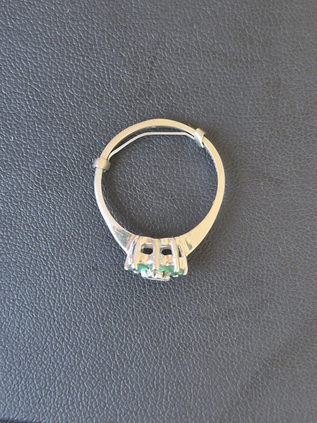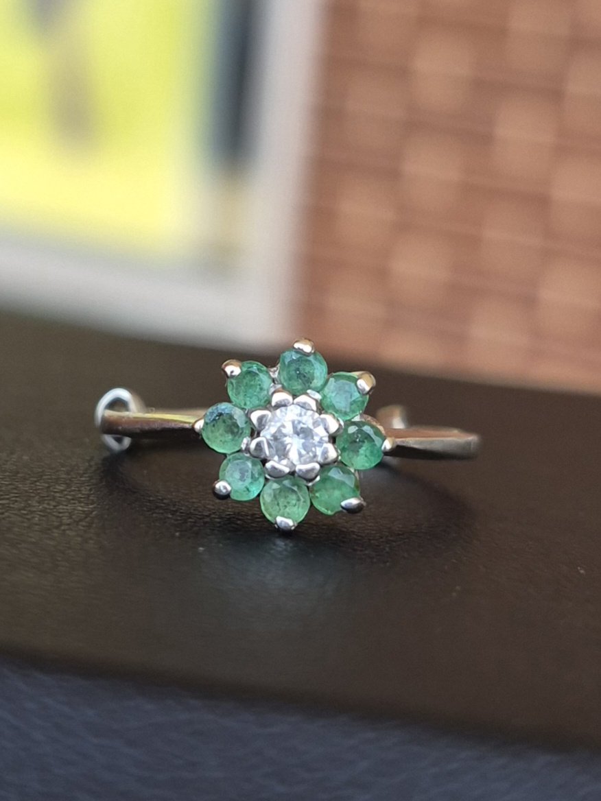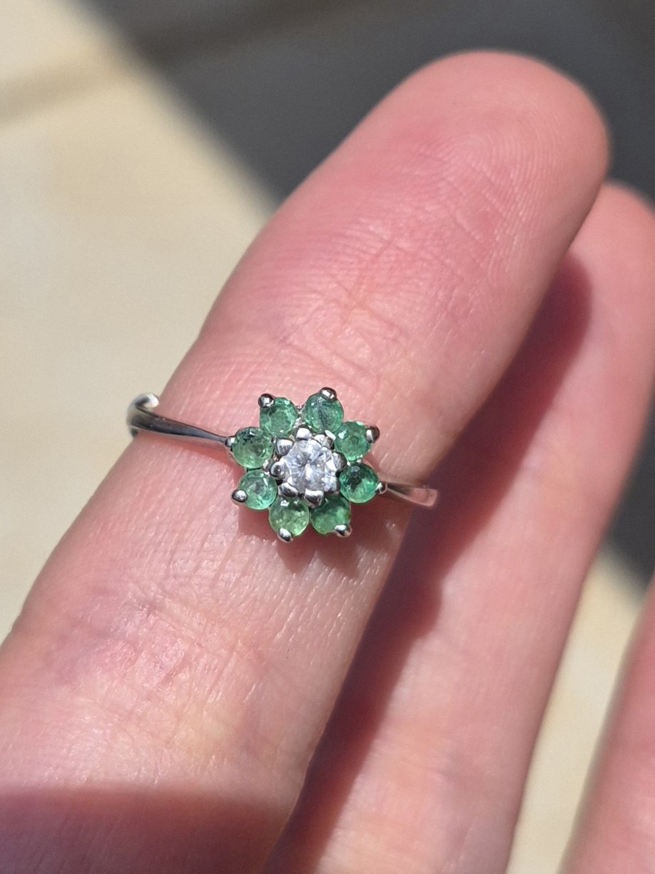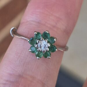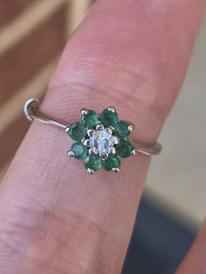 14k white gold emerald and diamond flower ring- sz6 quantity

···

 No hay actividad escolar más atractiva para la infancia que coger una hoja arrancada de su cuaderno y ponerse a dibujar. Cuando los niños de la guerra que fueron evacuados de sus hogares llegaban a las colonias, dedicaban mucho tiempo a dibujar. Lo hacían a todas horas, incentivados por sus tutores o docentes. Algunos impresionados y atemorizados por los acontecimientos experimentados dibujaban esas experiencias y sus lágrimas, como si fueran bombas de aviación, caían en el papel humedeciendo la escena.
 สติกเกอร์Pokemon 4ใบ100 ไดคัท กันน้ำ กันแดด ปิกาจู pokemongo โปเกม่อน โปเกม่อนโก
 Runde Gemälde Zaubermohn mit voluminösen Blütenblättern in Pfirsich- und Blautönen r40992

···

TASK INSTRUCTIONS — In the entries above, find the line with "สติกเกอร์Pokemon 4ใบ100 ไดคัท" and the line with "Runde Gemälde Zaubermohn mit", then restate word for word both of them and every line between, with nothing more.

OUTPUT BELOW —
 สติกเกอร์Pokemon 4ใบ100 ไดคัท กันน้ำ กันแดด ปิกาจู pokemongo โปเกม่อน โปเกม่อนโก
 Runde Gemälde Zaubermohn mit voluminösen Blütenblättern in Pfirsich- und Blautönen r40992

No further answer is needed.